▶ **COLLECTED DATA**:
━━━━━━━━━━━━━━━━━━━━
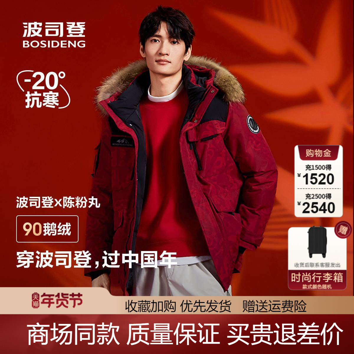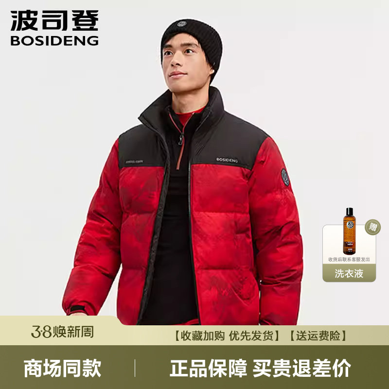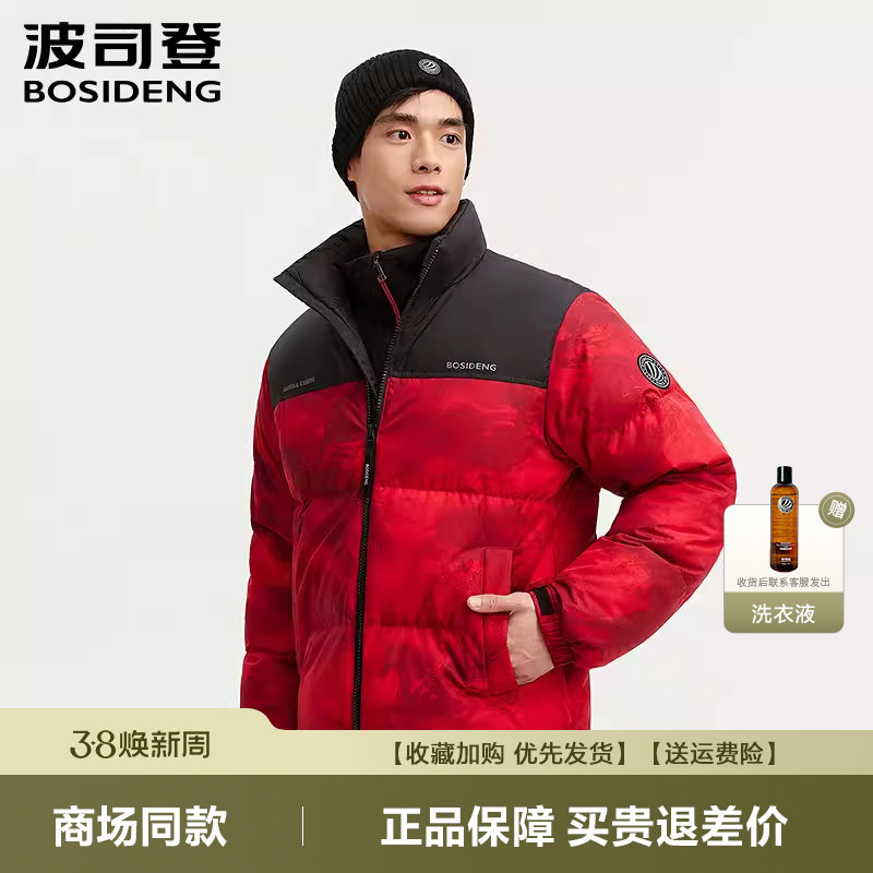 BJHG不计后果90白鸭绒假两件羽绒服男款冬季外套新年红色羽绒服女
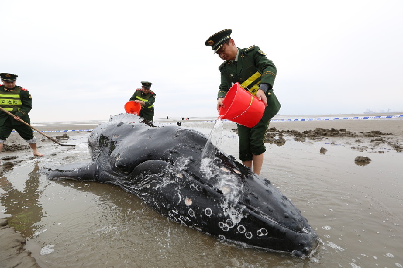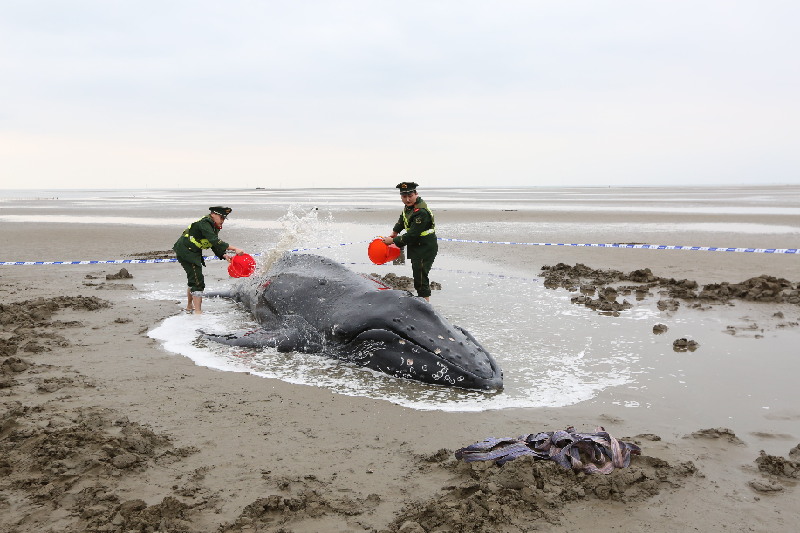 邊防官兵往座頭鯨身上澆水,維持生命體征
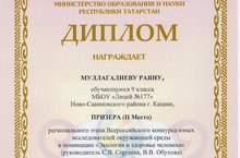 Поздравляем ученицу 9 В класса, Муллагалиеву Раяну со 2 призовым местом на региональном этапе Всероссийского конкурса юных исследователей окружающей среды в номинации "Экология и здоровье человека". Выражаем огромную благодарность научным руководителям, Сергеевой С.В. и Обуховой В.В. за подготовку юных ученых, верим, что за ними великие открытия.
━━━━━━━━━━━━━━━━━━━━
▶ **EXERCISE**: Repeat each line of the material exactly, please, and skip every picture.

▶ **WRITTEN RESPONSE**:
 BJHG不计后果90白鸭绒假两件羽绒服男款冬季外套新年红色羽绒服女
 邊防官兵往座頭鯨身上澆水,維持生命體征
 Поздравляем ученицу 9 В класса, Муллагалиеву Раяну со 2 призовым местом на региональном этапе Всероссийского конкурса юных исследователей окружающей среды в номинации "Экология и здоровье человека". Выражаем огромную благодарность научным руководителям, Сергеевой С.В. и Обуховой В.В. за подготовку юных ученых, верим, что за ними великие открытия.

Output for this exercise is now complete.